Friday, January 16, 2009

Gettin' on the Space Station Program

In January 1987, I was a Contracts Manager for Boeing Computer Services, a division of The Boeing Company. I had just been pulled from the commercial contracts side of the house to the Government contracts section, because I had Government contract experience, and the company needed someone to manage the contract for a new project we had just won with the Army at Ft. McPherson, Georgia. Two weeks after I started that project, the contract award was protested by an unsuccessful bidder, and to our shock, the Army cancelled the contract.

As I was preparing to leave Atlanta to return to Washington, I got a call from my director. I was ordered to fly to Houston and go to Johnson Space Center, where we were being awarded a contract with NASA for the Space Station Freedom Technical and Management Information System (TMIS). I was to be the contract manager for this $350 million, 8-year project! I couldn't believe it...I was part of the space program! -- and totally without any effort on my part.

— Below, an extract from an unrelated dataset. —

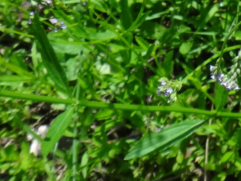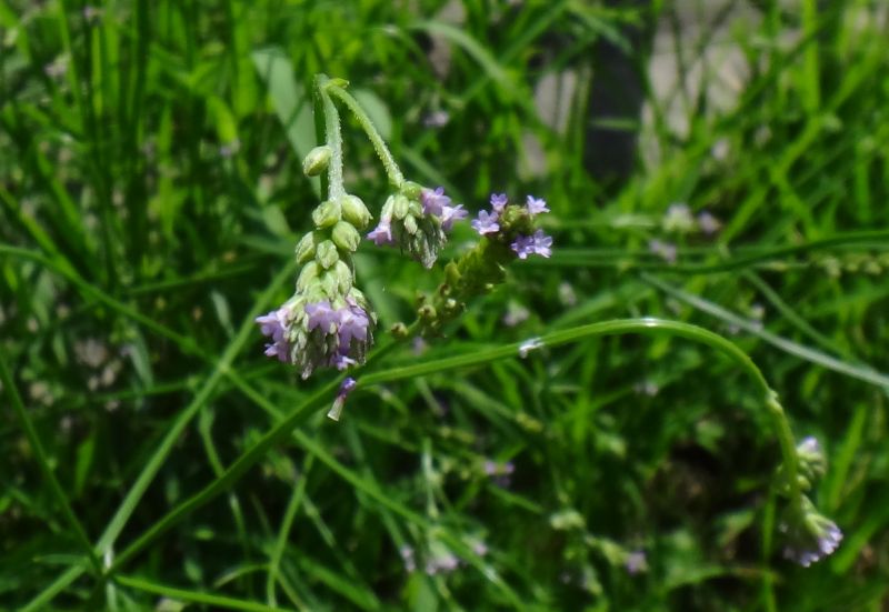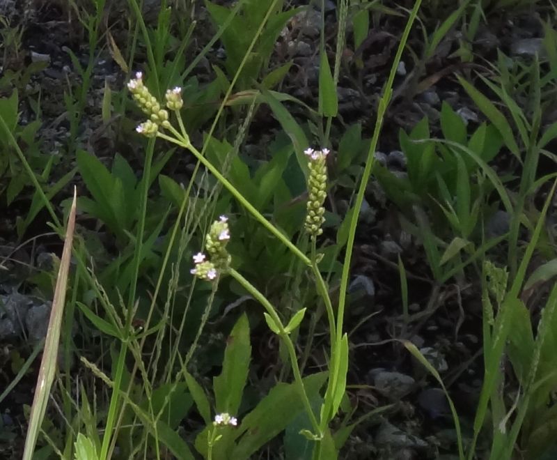 ダキバアレチハナガサ:葉の基部は中間と同じ幅、尾状の花穂が総状に集まる、茎に剛毛、高さ1.5メートル。

TMIS was NASA's way of bringing all the technical and design documents for the budding Space Station Freedom, no matter where in the country they were produced, into one system. This was before the Internet was accessible commercially, before there were common document formats. TMIS gave NASA the first capability to transmit and share rich-content documents across NASA centers. We were also implementing what was at the time one of the largest Oracle databases ever designed - several terabytes (which is pretty small by today's standards).

I was on the program for more than two years. My office was right across the parking lot from the Space Station Program office. I really enjoyed being able to say I was part of the program. Things got messy in 1989 when I became aware of some improper behavior by a NASA manager. I got drawn into a whistle-blowing situation and ended up being taken off of the program. I left Boeing a month later. And ultimately, Freedom never flew, although many of its design ideas were eventually used by the International Space Station program.

I found this TMIS paperweight on eBay in 2006, celebrating the completion of the Preliminary Design Review for the system.